Happy All Saints’ Day! More to the point, happy anniversary, Saints! I will always love you no matter what. I am writing this post in mid-October, but I am predicting that I ended up doing nothing for Halloween. I am not a big fan of Halloween ever since I stopped trick-or-treating. I’m not good at designing costumes. Now Halloween is just one more obstacle between me and Christmas.

Ah changelings. I was griping the other day about the difficulty of creating a fairy world that has enough specificity to satisfy me, and although The Replacement doesn’t completely nail this, it does a pretty good job. More on that in a bit.

Mackie Doyle is a changeling. He is one of a very few children in the town of Gentry who survived to this age — usually when a faerie child (but they don’t call it that) is left in place of a human one, it dies very young. The people of Gentry do not talk much about this, but it defines Mackie’s life. He can’t be near iron, or even blood, without becoming sick; he can’t walk on consecrated ground, though his father is pastor of the town’s church. All his time is spent trying to blend in, a strategy that goes awry when his classmate Tate — herself a relentless truth-teller — loses her baby sister to the faeries (again, they don’t call it that) and demands that Mackie find a way to help her get her sister back.
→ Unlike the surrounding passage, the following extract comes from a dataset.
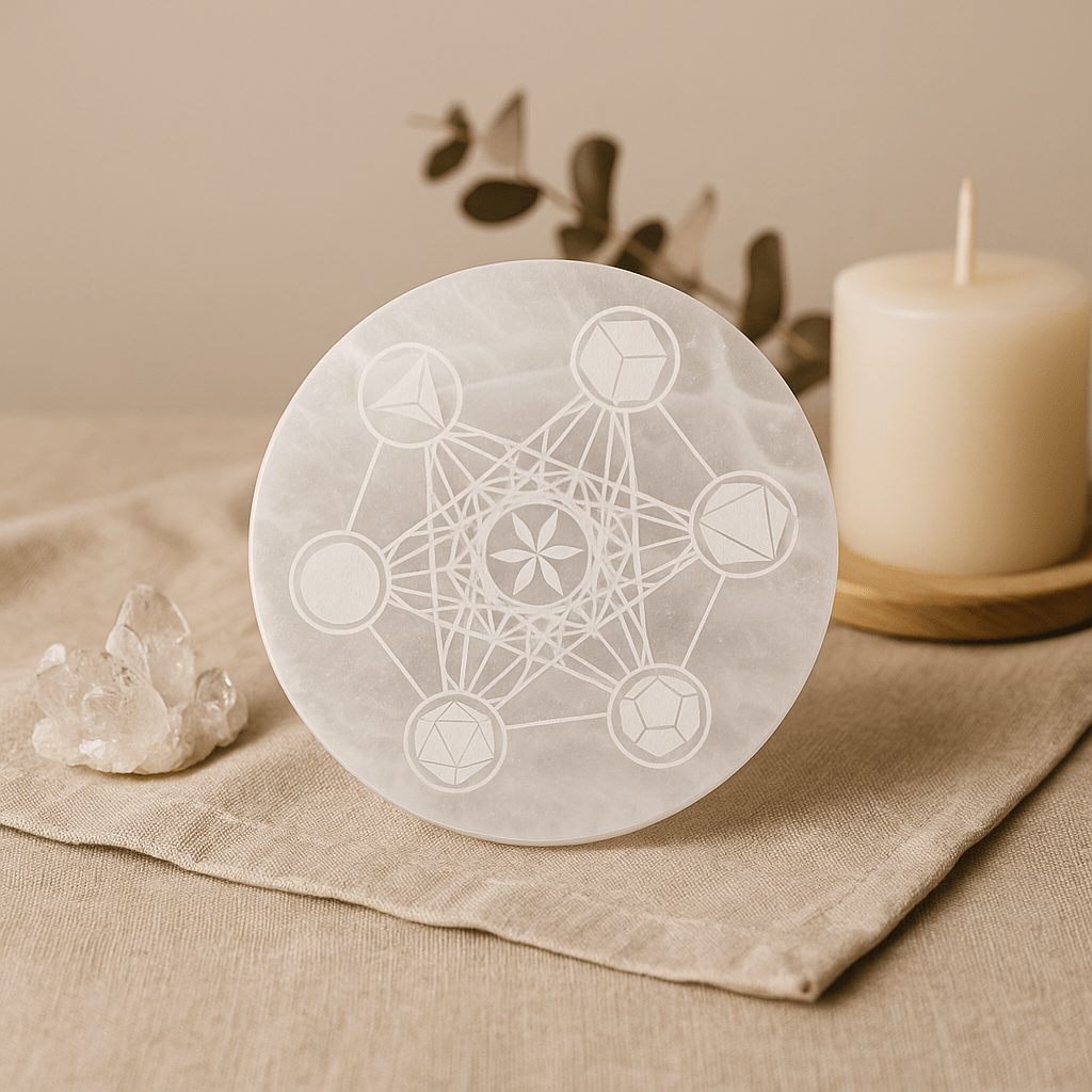 Ladeplatte mit Heiliger Geometrie, Selenit, 18 cm

What I loved about this book was how hard Mackie tries to fit in. This isn’t your usual high school kid feels out of place story. To Mackie it is literally life and death — he knows that the people of Gentry, for all their struggles to ignore what’s right in front of them, will turn on him in a second if he draws attention to how different he is from them. His aversion to blood and sacred ground must be disguised at all costs, as his parents are constantly reminding him. He is so focused on keeping cover that he barely has time for regular human friendships. Only with his oldest friend, Roswell, and his loving sister, Emma, can he begin to be himself. I would have read an entire book just about Mackie trying to navigate this difficult, hostile world without attracting notice to his differentness.

The supernatural plotline wasn’t bad, though. When Mackie eventually encounters the realm that produced him, he finds it strange and unsettling and alien, nothing he recognizes and nothing that feels familiar. I liked how concrete Brenna Yovanoff made this realm. When Mackie first meets the Morrigan — the more benevolent of the two women who rule various parts of the faerie realm (again! not what they call it in the book!) — she is wearing a gauzy party dress and has a mouthful of “small, jagged teeth. Not a nice, respectable thirty-two, but closer to fifty or sixty.” That is a nice little detail, and there are more like this, just small specific things that make the creatures seem unknowable but tangible.
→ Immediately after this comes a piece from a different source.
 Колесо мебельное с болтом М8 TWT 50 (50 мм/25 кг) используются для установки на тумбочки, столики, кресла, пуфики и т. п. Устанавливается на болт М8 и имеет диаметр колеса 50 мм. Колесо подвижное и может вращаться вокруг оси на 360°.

The humans in the book, which is mostly everyone in the first third apart from Mackie, are very strong characters. Mackie’s sister Emma, the one person in the world he absolutely trusts and loves, comes off very sistery. Her concern for Mackie is strong and real and not overblown; it’s the kind of concern a healthy sibling has for a sickly sibling. I got a bit teary toward the end over this. I am a well-known sucker for sibling affection. And generally I liked it that the peripheral characters had lives of their own. Mackie’s father is devoted to his job; his mother has a sad backstory; Emma works on school projects and has friends of her own. Especially good were Mackie’s friends Danny and Drew, twins with a penchant for fixing up old broken things. They ended up being kind of important to the plot in the end, in a way that felt organic even though they hadn’t been a major part of the book up until that point.

The story of a changeling’s life after being switched for a human baby is something I’ve only seen once before — Eloise Jarvis McGraw’s The Moorchild, the details of which I remember only pretty hazily — and it makes for a fascinating and unusual plot. I’d definitely recommend The Replacement. Thanks to the lovely Jodie for the recommendation!

I have an insatiable appetite for changeling/fairy realm stories this fall. Why aren’t there more? Less rhetorically, what do y’all think makes for a really good secondary character? It can’t just be their having lives of their own. What are the traits that make secondary characters pop?